=== What is needed ===
Beginning with the line containing "O 2345Bet oferece" and going on through the line containing "[더팩트|이선화 기자] 윤석열", the lines below are to be returned exactly, pictures excluded and nothing added.
[[ Raw data, beginning ]]
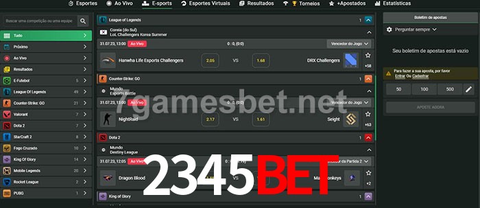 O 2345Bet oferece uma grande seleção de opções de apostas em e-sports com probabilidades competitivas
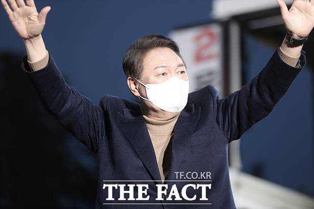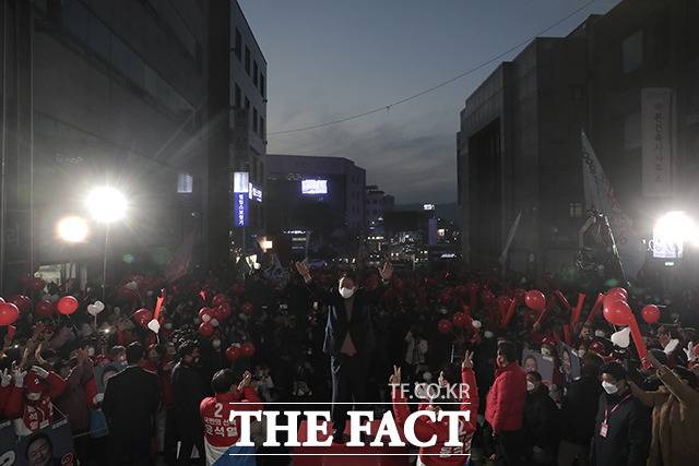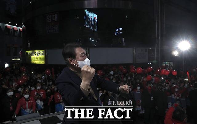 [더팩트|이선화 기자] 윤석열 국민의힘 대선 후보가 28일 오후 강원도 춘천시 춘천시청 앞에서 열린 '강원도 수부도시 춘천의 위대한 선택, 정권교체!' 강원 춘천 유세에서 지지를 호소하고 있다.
[[ Raw data, end ]]
[[ Raw data, beginning ]]
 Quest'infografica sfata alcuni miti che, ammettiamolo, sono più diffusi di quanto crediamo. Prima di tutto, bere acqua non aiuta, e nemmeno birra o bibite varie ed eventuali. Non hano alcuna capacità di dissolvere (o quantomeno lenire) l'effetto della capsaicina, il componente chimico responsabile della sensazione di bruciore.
[[ Raw data, end ]]
=== Expected answer ===
 O 2345Bet oferece uma grande seleção de opções de apostas em e-sports com probabilidades competitivas
 [더팩트|이선화 기자] 윤석열 국민의힘 대선 후보가 28일 오후 강원도 춘천시 춘천시청 앞에서 열린 '강원도 수부도시 춘천의 위대한 선택, 정권교체!' 강원 춘천 유세에서 지지를 호소하고 있다.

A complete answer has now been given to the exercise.